Pattern signal: Array · Hash Map · Two Pointers · Binary Search

Example 1

[1,2,2,1]
[2,2]

Example 2

[4,9,5]
[9,4,9,8,4]

Related Problems

  • Intersection of Two Arrays II (intersection-of-two-arrays-ii)
  • Intersection of Three Sorted Arrays (intersection-of-three-sorted-arrays)
  • Find the Difference of Two Arrays (find-the-difference-of-two-arrays)
  • Count Common Words With One Occurrence (count-common-words-with-one-occurrence)
  • Choose Numbers From Two Arrays in Range (choose-numbers-from-two-arrays-in-range)
Step 02

Core Insight

What unlocks the optimal approach

  • No official hints in dataset. Start from constraints and look for a monotonic or reusable state.
Interview move: turn each hint into an invariant you can check after every iteration/recursion step.
Step 03

Algorithm Walkthrough

Iteration Checklist

  1. Define state (indices, window, stack, map, DP cell, or recursion frame).
  2. Apply one transition step and update the invariant.
  3. Record answer candidate when condition is met.
  4. Continue until all input is consumed.
Use the first example testcase as your mental trace to verify each transition.
Step 04

Edge Cases

Minimum Input
Single element / shortest valid input
Validate boundary behavior before entering the main loop or recursion.
Duplicates & Repeats
Repeated values / repeated states
Decide whether duplicates should be merged, skipped, or counted explicitly.
Extreme Constraints
Upper-end input sizes
Re-check complexity target against constraints to avoid time-limit issues.
Invalid / Corner Shape
Empty collections, zeros, or disconnected structures
Handle special-case structure before the core algorithm path.
Step 05

Full Annotated Code

Source-backed implementations are provided below for direct study and interview prep.

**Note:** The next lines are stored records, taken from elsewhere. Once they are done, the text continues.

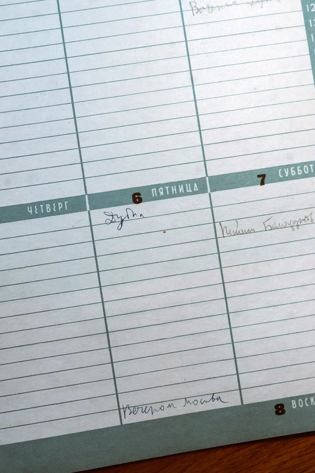 Еженедельник И.М. Франка за 1964 г., запись от 6 марта: «Дубна» утром в пятницу. Ниже – «Вечером Москва». Исторический архив ОИЯИ, Фонд Франка И.М., Оп. 2, Д.3.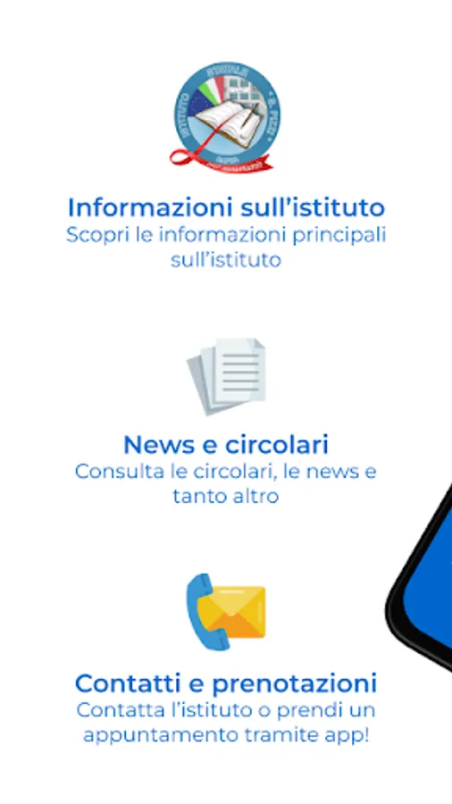 Discover the Pizzi High School app in Capua. You will be able to view all the information and contacts of the institute, consult the contents, receive push notifications based on your role and your interests, access the digital counter and book an appointment with the secretariat or the presidency.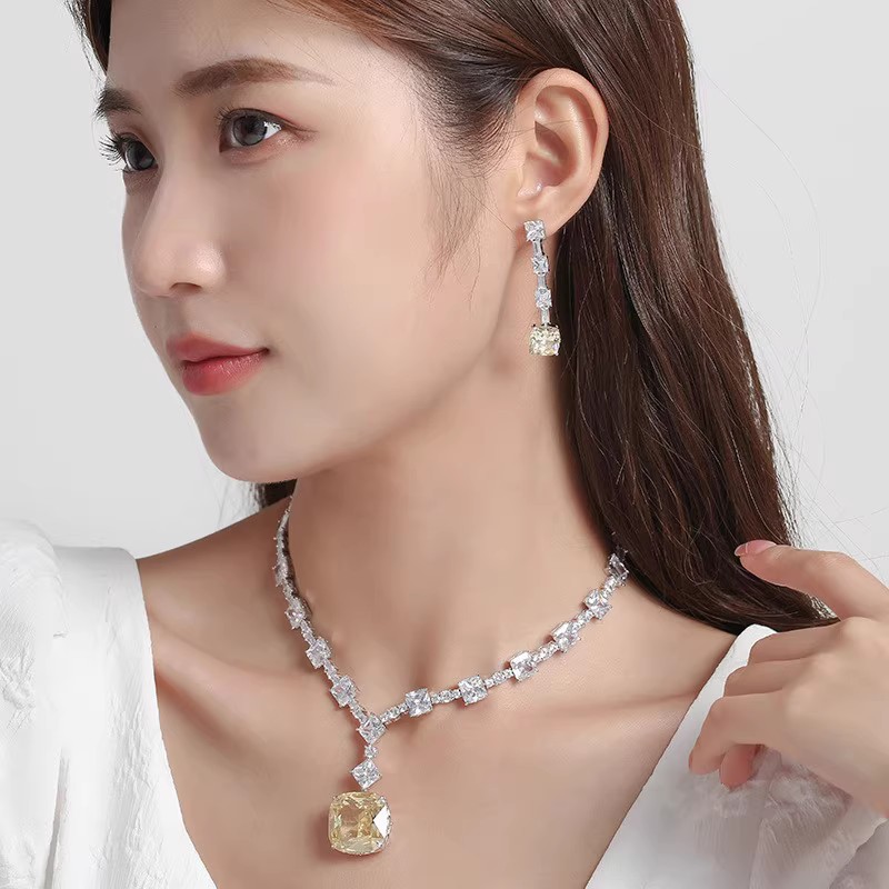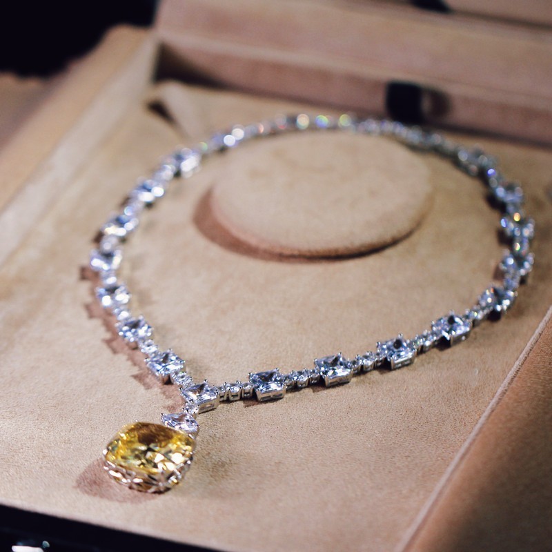欧美奢华高级感大气黄钻项链新娘主婚纱晚礼服晚宴配饰轻奢小众女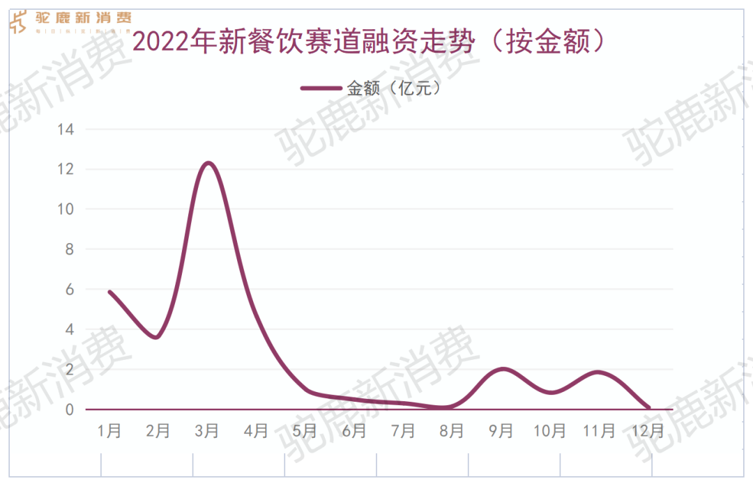 若按照融資金額比較,3月份為新餐飲賽道融資高峰,單月有12.3億元融資流入新餐飲賽道,8月份則新餐飲賽道融資低谷,單月僅有0.16億元進(jìn)入新餐飲賽道。平均每月進(jìn)入新餐飲賽道的熱錢約為2.77億元。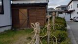 刈払機のナイロン刃について説明します。オンコに立てかけてありますが、先端の丸い皿のような回転部分からナマズの髭のようなナイロン紐が出ています。地図でいえば発電所の記号の様に見えます。そいつが回転の遠心力でまっすぐ伸び……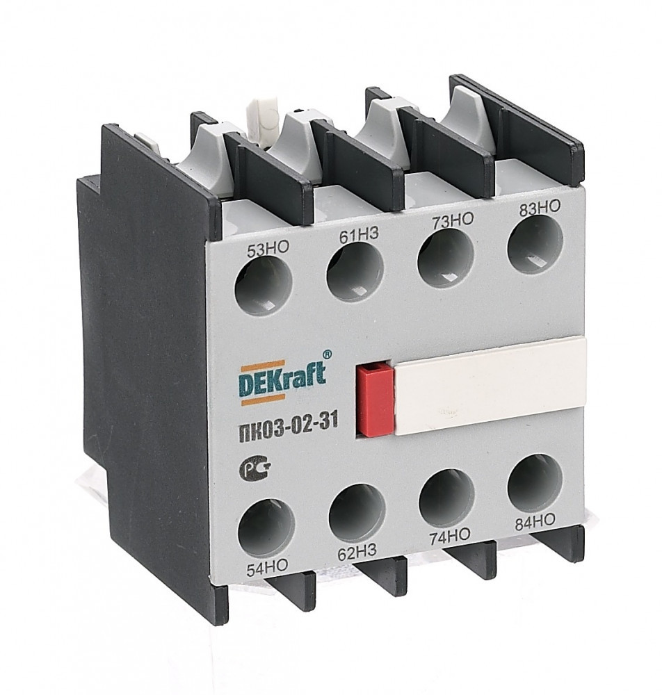 Приставка контактная серии ПК-03-02 для контакторов КМ-103 DEKraft, кол-во контактов - 3НО+1НЗ, ном.ток - 10 А, ном.напряжение - до 690 В, установка - с лицевой стороны, степень защиты - IP20. Приставки контактные предназначены для увеличения количества вспомогательных контактов контактора. Контактные приставки механически соединяются с контакторами и фиксируются при помощи защелки. Приставка подходит для использования с контакторами других производителей.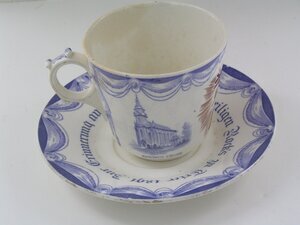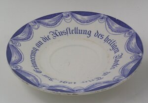 Im Umdruckverfahren verzierte Tasse mit Untertasse von der Ausstellung des heiligen Rocks in Trier 1891. Die konisch geformte Tasse zeigt drei Motive: das zentrale Bild in brauner Farbe zeigt den heiligen Rock, darüber ein geflügelter Engelskopf und ein Kreuz. Das Motiv ist von einem Strahlenkranz umgeben, unten steht "Trier 1891". Die Ansichten rechts und links zeigen in blauer Farbe den Trierer Dom und die Paulinus-Kirche, beide sind auf der Tasse bezeichnet. Oben sowie rechts und links rahmen blaue Volants die Bildmotive ein. Die Außenseite des Henkels zieren blaue stilisierte Blattranken. Die Untertasse trägt die Inschrift "Zur Erinnerung an die Ausstellung des heiligen Rock's zu Trier 1891". Volants in blauer Farbe umrahmen die Inschrift. Die Tasse mit Untertasse wurde von V

// Accepted solution for LeetCode #349: Intersection of Two Arrays
class Solution {
    public int[] intersection(int[] nums1, int[] nums2) {
        boolean[] s = new boolean[1001];
        for (int x : nums1) {
            s[x] = true;
        }
        List<Integer> ans = new ArrayList<>();
        for (int x : nums2) {
            if (s[x]) {
                ans.add(x);
                s[x] = false;
            }
        }
        return ans.stream().mapToInt(Integer::intValue).toArray();
    }
}
Step 06

Interactive Study Demo

Use this to step through a reusable interview workflow for this problem.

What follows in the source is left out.